Ballina is near a County Mayo parish where the next stop is America and an area where American presidents with Irish roots such as JFK are revered and remembered.

Joe Biden embodies the classic Irish politician from long ago, making it passing strange that a throwback pol from an earlier era was the one to beat Donald Trump in arguably the most important presidential race since Abraham Lincoln won in 1860.

Biden is of a type, a very recognizable character to the Irish, fiery at times, devoted to his church and clan, a backslapper and hand shaker who embodies an earlier era.

This was always obvious when he was vice president to Barack Obama at the annual St. Patrick's celebration at the White House. After the speeches Obama would approach the rope line like a 50-meter dash runner, shaking a hand here and there before bounding out.

But Biden would linger and linger, shake every hand, clap every back, take every selfie insight. The best politicians are first and foremost comfortable in their own skin, and Biden with his “hail fellow well met” manner and ability to listen personified that.

It is central to his ID as a successful politician.  Biden has never met a person he didn't think he could persuade. His glad-handing was often taken for bumptiousness but it served its purpose to break the ice, set the comfort level with whomever he was speaking with.

I had occasion to interview him in 1987 when he was beginning his career.  He quickly revealed he was deeply entrenched in his Finnegan and Blewitt roots while pondering for 10 minutes where on earth the name Biden came from.

He ranged around Irish history like a professional, marking out Theobald Wolfe Tone, leader of the 1798 Rebellion who brought rebel Catholics and Protestants together for a failed insurrection as one of his political heroes.

It was not Tone's militancy that Biden honed in on, but rather his ability to meld Catholic and Protestant and dissenter together in the great but failed United Irishmen Rising. They were known as "United Men" for short, and Biden clearly saw his own beliefs reflected in that rebellion.

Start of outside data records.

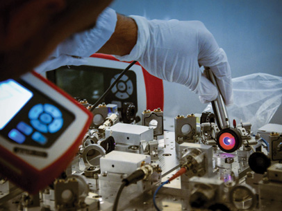 cA quantum engineer measures the optical power of a laser beam at Atom Computing’s research and development facility in Boulder, CO, USA. [Atom Computing]
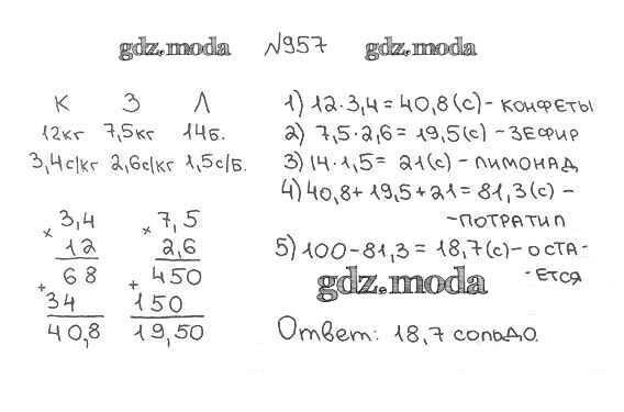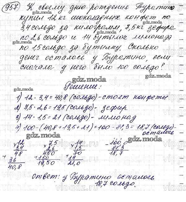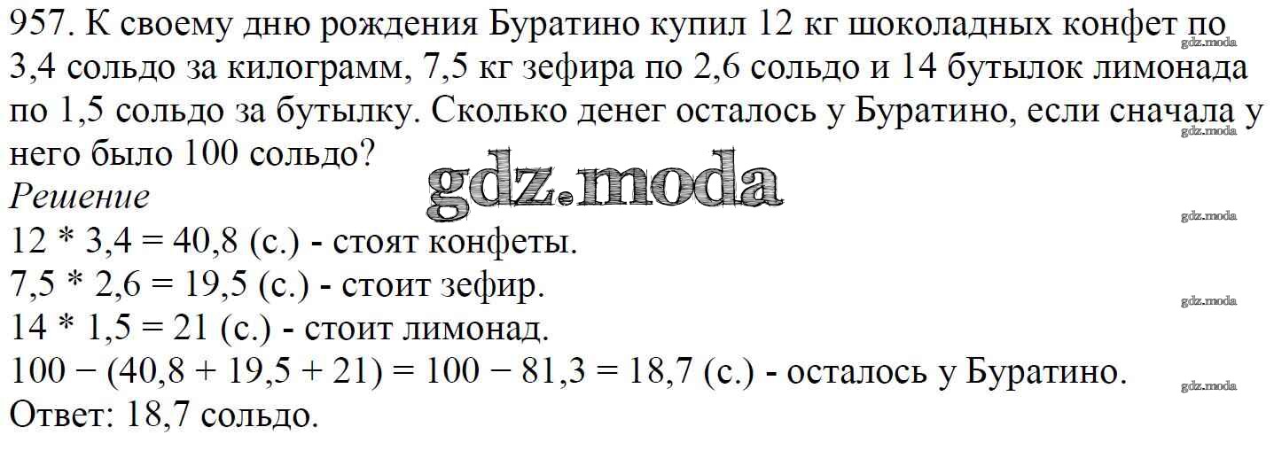 ОТВЕТ на задание № 957 Учебник по Математике 5 класс Мерзляк Алгоритм успеха
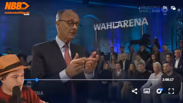 03:14:35Der Streamer kommentiert die Wahlarena als wichtige Plattform für politische Debatten und drückt die Hoffnung aus, dass solche Formate öfter stattfinden. Er verweist auf die aktuell unwahrscheinliche Möglichkeit, dass CDU/CSU und SPD gemeinsam regieren könnten, und stellt die Frage, welchen Ministerposten Friedrich Merz Olaf Scholz in einer solchen Konstellation anbieten würde. Die Atmosphäre wird als angespannt beschrieben, mit gegenseitigen Vorwürfen und unterschiedlichen Positionen zur Bildungspolitik.
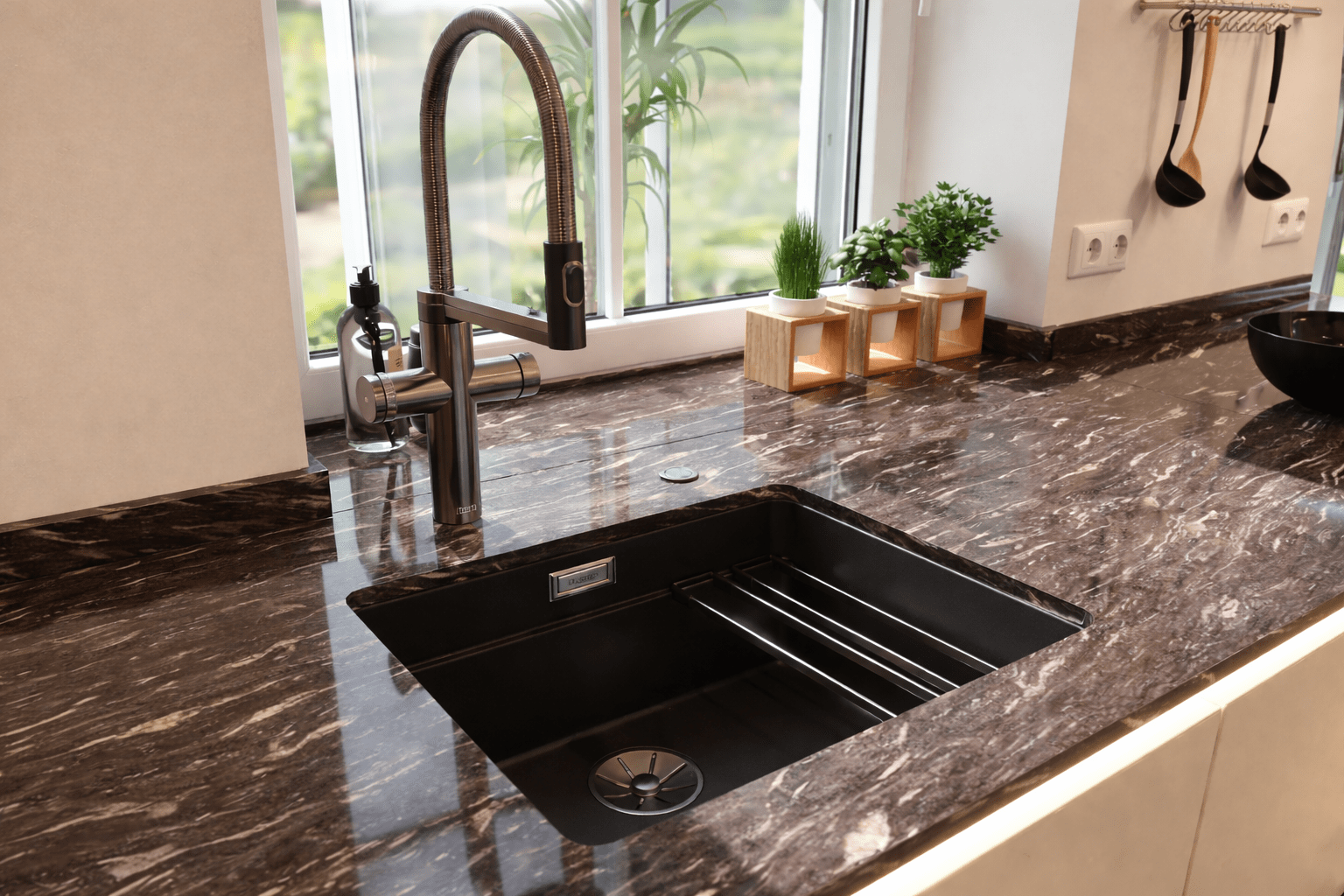 - Spüle vor dem Fenster für optimales Licht

Interestingly, Biden didn't have to proclaim himself Irish. There were plenty of heavyweights in the Senate like Ted Kennedy and Daniel Patrick Moynihan who carried that flag.  With a last name like Biden, the new president-elect had to consciously decide that his Irish heritage mattered most.

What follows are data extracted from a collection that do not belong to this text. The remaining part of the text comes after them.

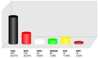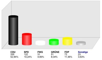 Ratswahl: CDU 52,84%, SPD 19,24%, FWG 4,89%, GRÜNE 8,04%, FDP 11,26%, Sonstige 3,23 %
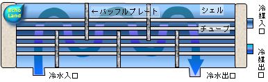 概略図は乾式シェルアンドチューブ蒸発器で、管内に冷媒が通り、管外の冷水(ブライン)を冷却しています。乾き飽和蒸気線より若干右にある点1が、若干過熱状態になった蒸気になります。
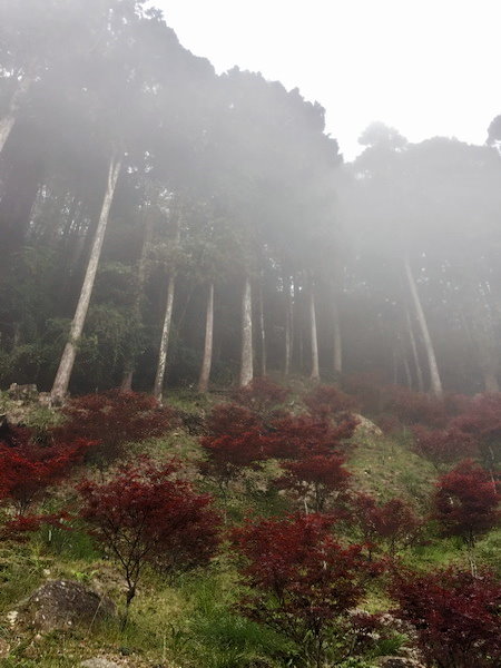 居然還看到有一抹紅葉,4月至9月正值「紫葉槭」花期,夏天也能賞楓紅,所以這應該是紫葉槭…..
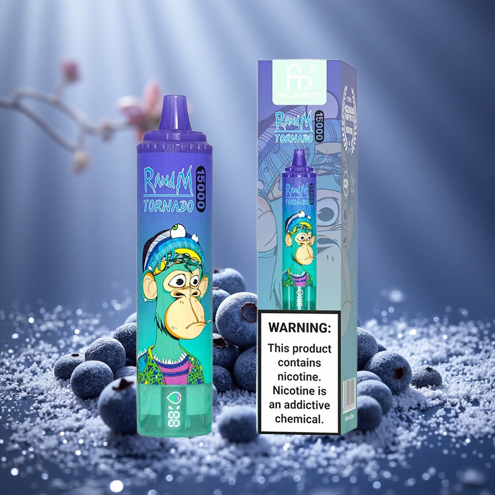 RandM Fumot Tornado 15000 Puffs Vape Descartável Mirtilo No Gelo com 25ml e Tela LCD
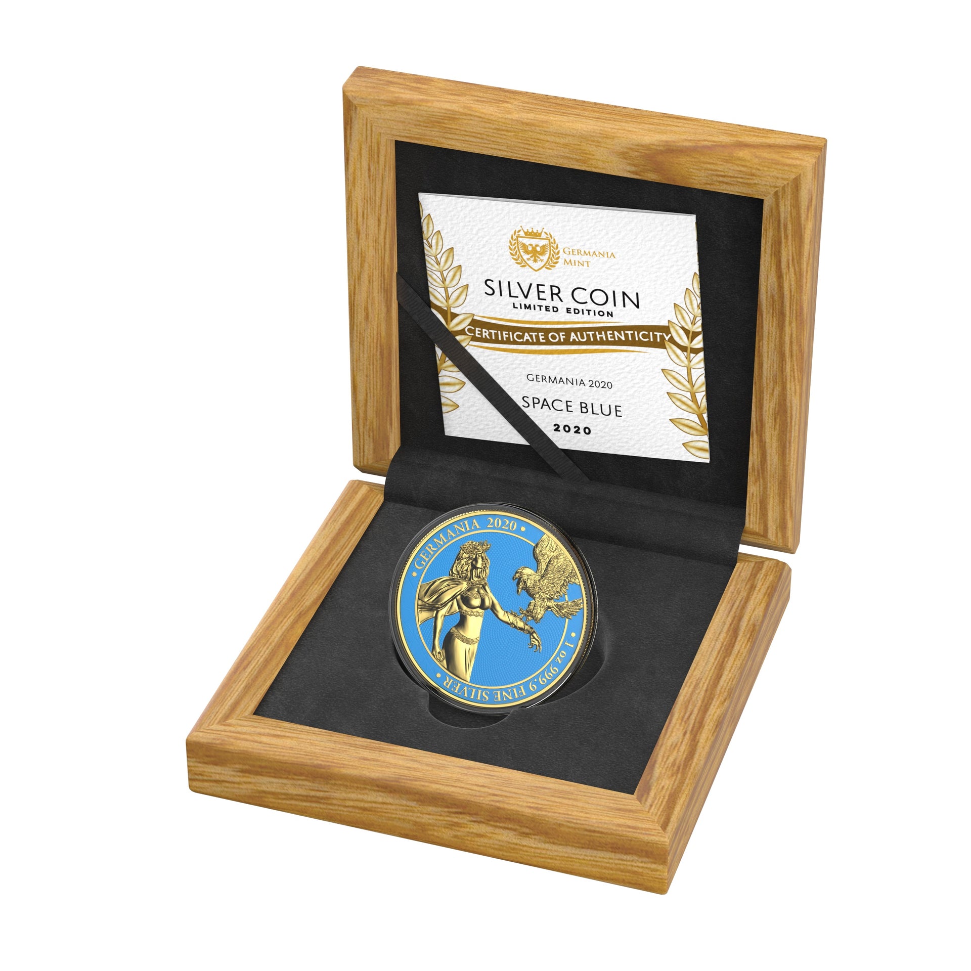 The coin is presented in an elegant wooden box, engraved by hand with the Germania logo using laser precision. This thoughtful detail elevates the unboxing experience, making it both luxurious and personal. The box also contains a certificate of authenticity, verifying the coin's limited mintage, high-quality silver content, and exclusive gold gilding, ensuring the collectible’s authenticity and value.
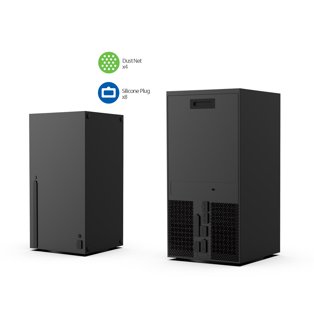 1:适用于XBOX Series X主机; 2:有效防护主机进入的粉尘,保护主机散热硬件及接口; 3:套装配置包含硅胶塞8PCS,防尘网4PCS;
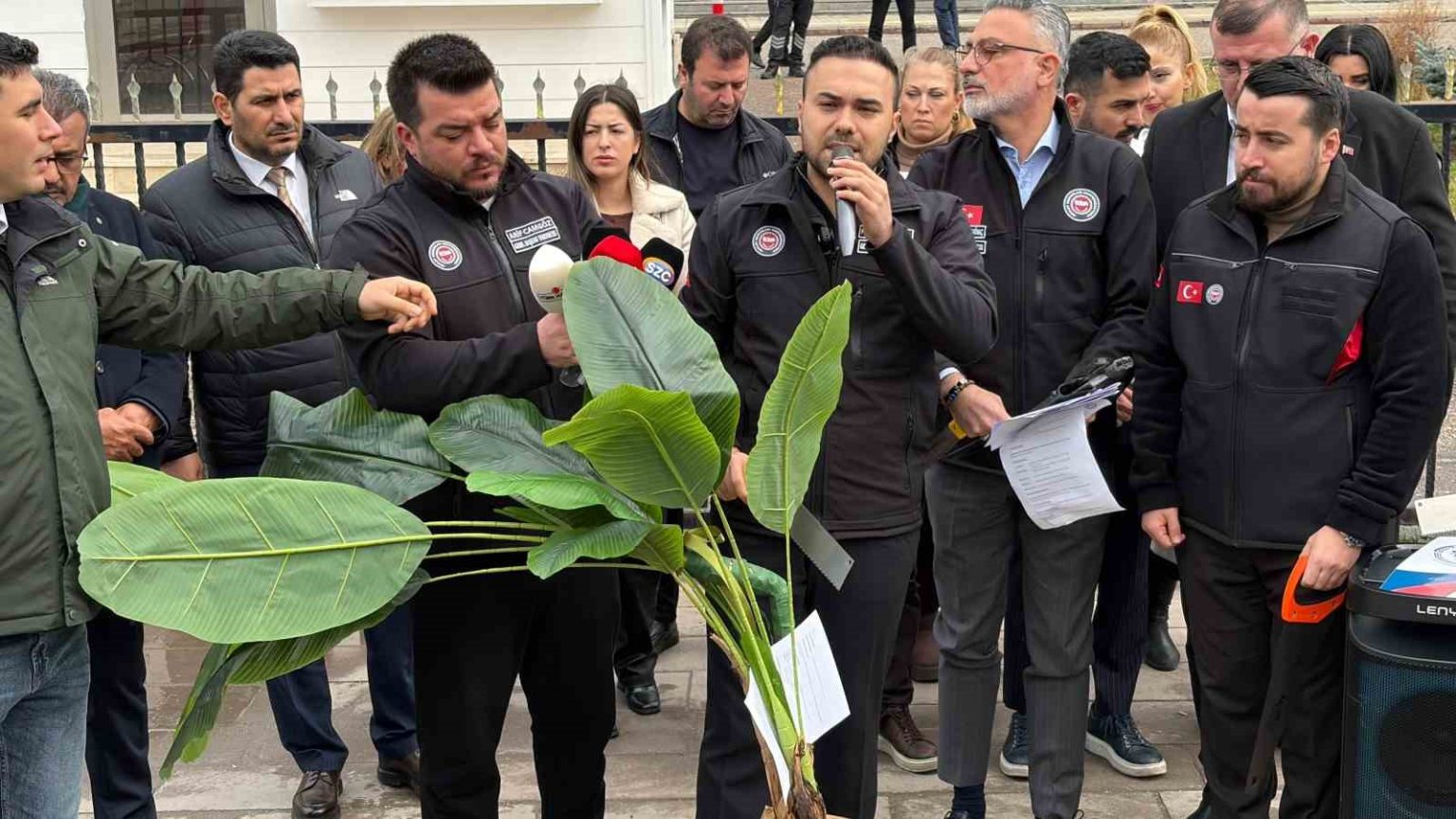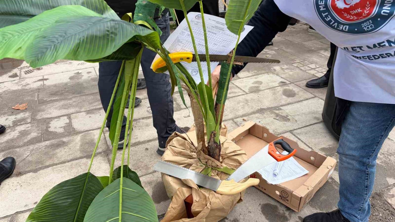 Basın açıklaması, sendika üyelerinin Orman Genel Müdürlüğü önünde yapay ağacı kesmesi ve hatıra fotoğrafı çektirmesiyle son buldu.

He made no secret of that and stated in a subsequent letter to the people of Ireland before his visit there as vice president in 2016 that being Irish had "shaped his entire life."

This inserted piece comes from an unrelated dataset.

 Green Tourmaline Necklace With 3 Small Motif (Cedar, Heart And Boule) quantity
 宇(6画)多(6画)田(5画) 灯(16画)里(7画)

The best way to understand him may well be that description of himself.  He is sociable to a fault, but that disguises a razor-sharp intellect and an insightful mind.

He often quotes the late Senator Moynihan, that to be Irish “is to know that in the end, the world will break your heart.”

Biden has certainly had his heartbroken, but the other gifts his Irish heritage has given him are humor, compassion for the underdog, and understanding, key attributes that Trump completely lacks.

Back home in Mayo and Louth, they are waiting for the day their boy, the great-great-grandson of a humble shoemaker makes his way back to where it all began. They can't wait, and one senses neither can he.